# Which rifle is best for Varmint / Long Range in 223



## varmintz (Apr 25, 2006)

I am wanting to purchase a combination varmint / long range rifle, without laying out serious cash flow. I tries the Remington 700 VLS and like an idiot I got rid of it in a whim. But I have read about the Kimber SVT, and it looks to be a good rifle. But today I seen the Savage model and a Howa model, any suggestions on any different models, and preferences, shot group sizes, etc? Any help or suggestions would be great. Thanks.....


----------



## SDHandgunner (Jun 22, 2004)

Considering you stated you wanted a LONG RANGE .223 there are a couple that come to mind. I am a died in the wool Ruger M77 Rifle Fanattic BUT when it comes to LONG RANGE with the .223 I think you need a Rifle with a Rifling Twist faster than what Ruger offers in their Model 77.

With all that said I would probably opt for one with a 1 in 9" Rifling Twist. The company that offers the most models / versions with a 1 in 9" RIfling Twist is Savage.
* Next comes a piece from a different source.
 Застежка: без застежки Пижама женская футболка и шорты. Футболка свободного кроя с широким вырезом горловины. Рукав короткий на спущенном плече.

I worked with a Stevens Model 200 last winter (actually a Sporter Weight Savage without the AccuTrigger) with a 1 in 9" Rifling Twist. This Rifle shot great right out of the box.

The trend with the fast twist .223 Barrels is shifting towards heavier than what is consider standard bullet weights for the .223. With a 1 in 9" Twist I have been hearing great reports from guys shooting the 68gr. Hornady BTHP Match or the 69gr. Sierra HPBT Matchkings (sometimes referred to as OTM for Open Tip Match). These bullets have great Ballistic Coefficients for long range shooting.
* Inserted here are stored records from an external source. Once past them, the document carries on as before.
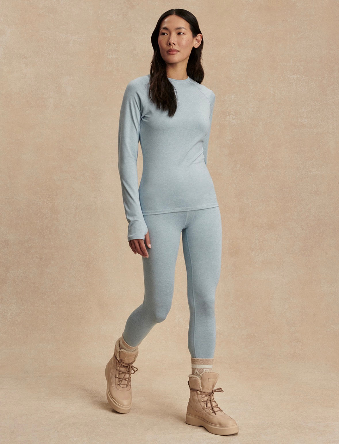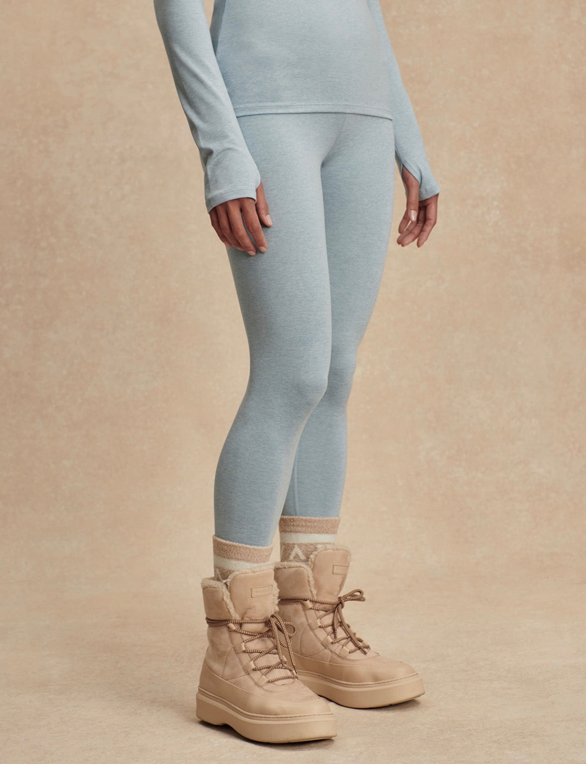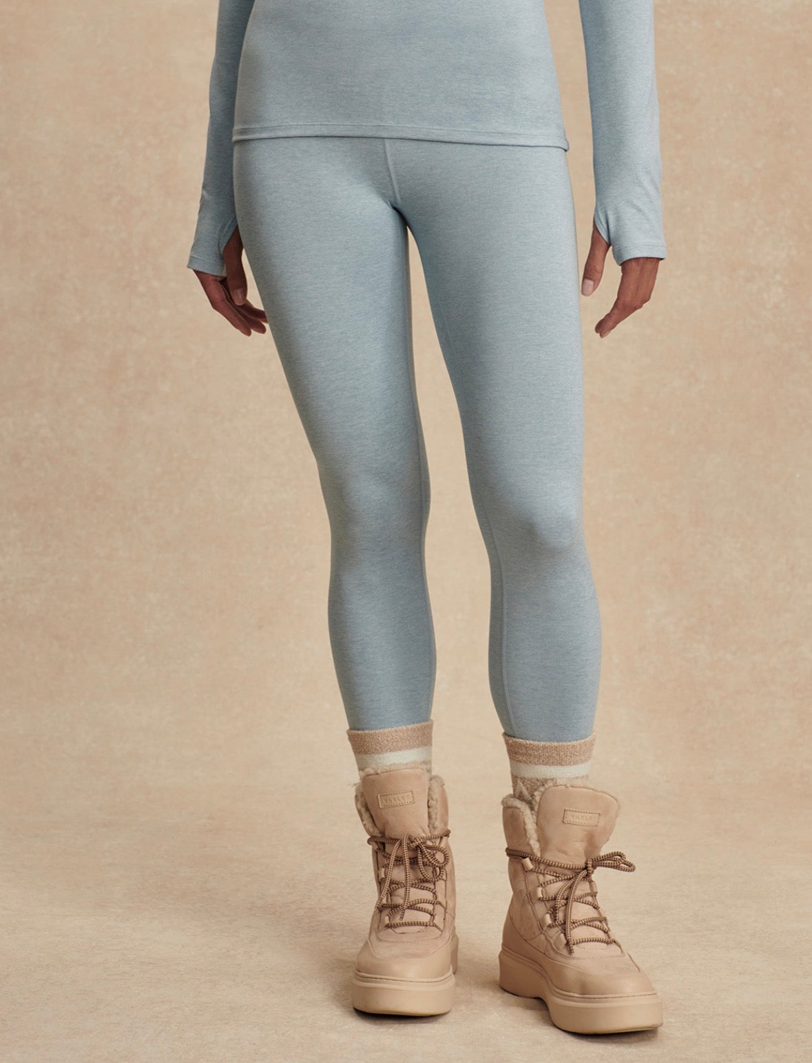 Made in super soft marled jersey with four-way stretch, these insulating leggings provide warmth and flexibility. With a high, rolled waistband for a smoothing effect, they are the perfect choice for any lifestyle.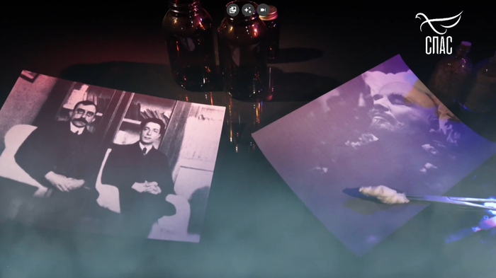 Далее идут кадры из документального фильма 1999 года под названием Мавзолей, и нам показывают как происходит обслуживание тела Ленина, а Афанасьев рассказывает как происходило бальзамирование. Все это известно со слов сына Збарского — академика РАМН Ильи Збарского, который так же, как отец, ухаживал за телом Ленина в мавзолее.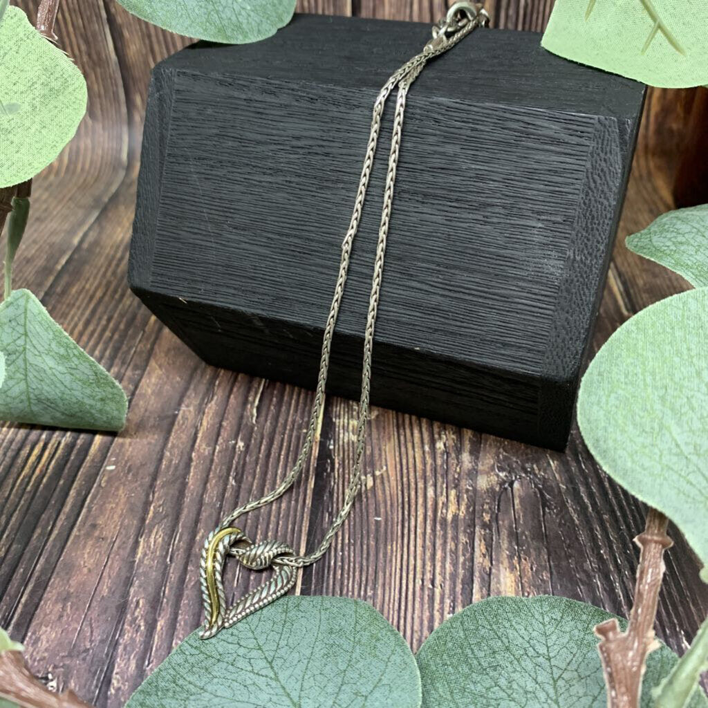 Silver Tone Chain, Twisted Open Heart Pendant with Gold Tone Accents, Lobster Clasp

I am in the process of trying to find the $$$ to finance an Olympic Arms Model K8 Targetmaster AR-15 in .223. This one has a heavy 20" Stainless-Steel Barrel with a 1 in 9" Rifling Twist. These Rifles are receiving rave reviews as being affordable yet super accurate with bullet weighing from 50grs. to 69grs.
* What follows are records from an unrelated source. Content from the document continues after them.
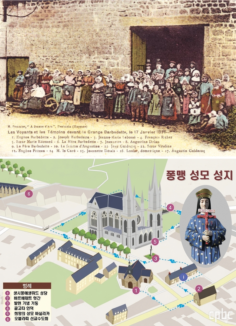 퐁맹 성모 발현 목격자와 증언자들(위)과 성지 안내도(아래). 1871년 발현 뒤 시현자들의 삶도 각기 신앙의 길로 이어졌다. 바르베데트 외젠은 라발 교구 사제, 동생 조제프는 오블라띠 선교수도회 사제가 되었고, 잔 마리는 보르도 성가정 수녀회에 입회했다.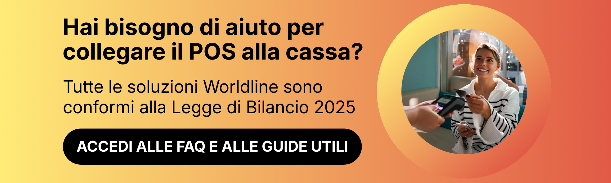 Il presente materiale ha natura pubblicitaria e viene diffuso con finalità promozionali. Per le condizioni economiche e contrattuali, consultare il foglio informativo disponibile su www.worldlineitalia.it alla sezione Trasparenza. Il fornitore del servizio di acquiring è Worldline. La vendita dei prodotti e dei servizi presentati è soggetta all’approvazione di Worldline. Offerta valida fino al 31/12/2026. Offerta riservata ai nuovi clienti.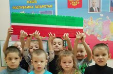 Сначала дошкольники посмотрели видео о нашей Республике и познакомились с её символами — гербом и флагом. Затем они решили сделать флаг Татарстана из конструктора ЛЕГО. Получился большой, красивый и яркий флаг.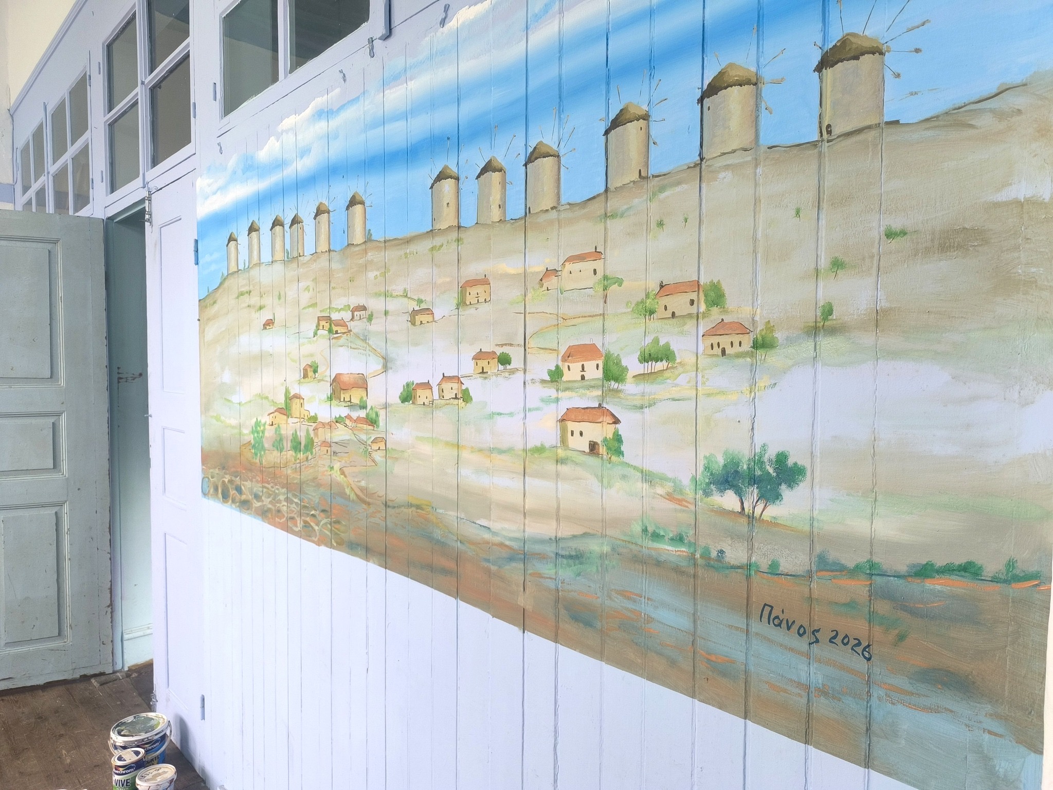 Με τα πινέλα και τις μπογιές του, αλλά κυρίως με τη βαθιά του σύνδεση με τον τόπο, ο Παναγιώτης μετέφερε στο εσωτερικό του χώρου ένα σημαντικό τοπόσημο του χωριού!

There are a lot of options out there, it just depends on what you want. Maybe someone else will chime in here with more info.

Larry


----------



## DuaneinND (Jan 22, 2005)

If by "long range" you are thinking 500 yards and beyond I will agree with Larry that you need to find a 223 with at least a 9 twist barrel for the 65 - 70 gr bullets, and maybe an 8 or even a 7 for the 70-80gr projectiles.
However if you are considering 350-500 yards as long range any 223 shooting 55gr bullets will do the trick.


----------



## Remington 7400 (Dec 14, 2005)

My advice is this, if you want to shoot anything over 350-400 yards either step up to the .243 or the .308. Granted a good rifleman can engage targets at 600-700 yards with .22 cal centerfires, I personally feel more comfortable using bullets in the 75-130 grain range.


----------



## prariewolf (Jul 24, 2006)

GO WITH A .204 OR .22-250 YOU CANT GO WRONG WITH EITHER OF THOSE AT LONG DISTANCES.


----------



## huntin1 (Nov 14, 2003)

I would go with the Savage 10FP, they have a 1 in 9" twist and can handle the heavier bullets. The accutrigger is great.

Savage 10FP

Top it off with good scope mounts and quality glass and you will have a shooter.

huntin1


----------



## Jiffy (Apr 22, 2005)

huntin1 said:


> I would go with the Savage 10FP, they have a 1 in 9" twist and can handle the heavier bullets. The accutrigger is great.
> 
> Savage 10FP
> 
> ...


The "savage pimp" Hat gesprochen!!!  :wink:

I know you asked for a suggestion in .223 but I am going to say that I would also jump up to a .308 But, then again I would like to say that I share the title of the ".308 pimp" with a few others on here.

I do have a Rem 700 VS in 22.250 that holds around 1MOA on the average with factory rounds (Rem. corlok 55 grn.) I consider that fair to average. I dont like shooting it past 350-400 though. For shots further than that I use my baby!!!

I dont think you can go wrong with any major brand of varmit/target rifle out there. I think it just comes down to whether you are a Savage, Rem., Win, Ruger....ect. guy.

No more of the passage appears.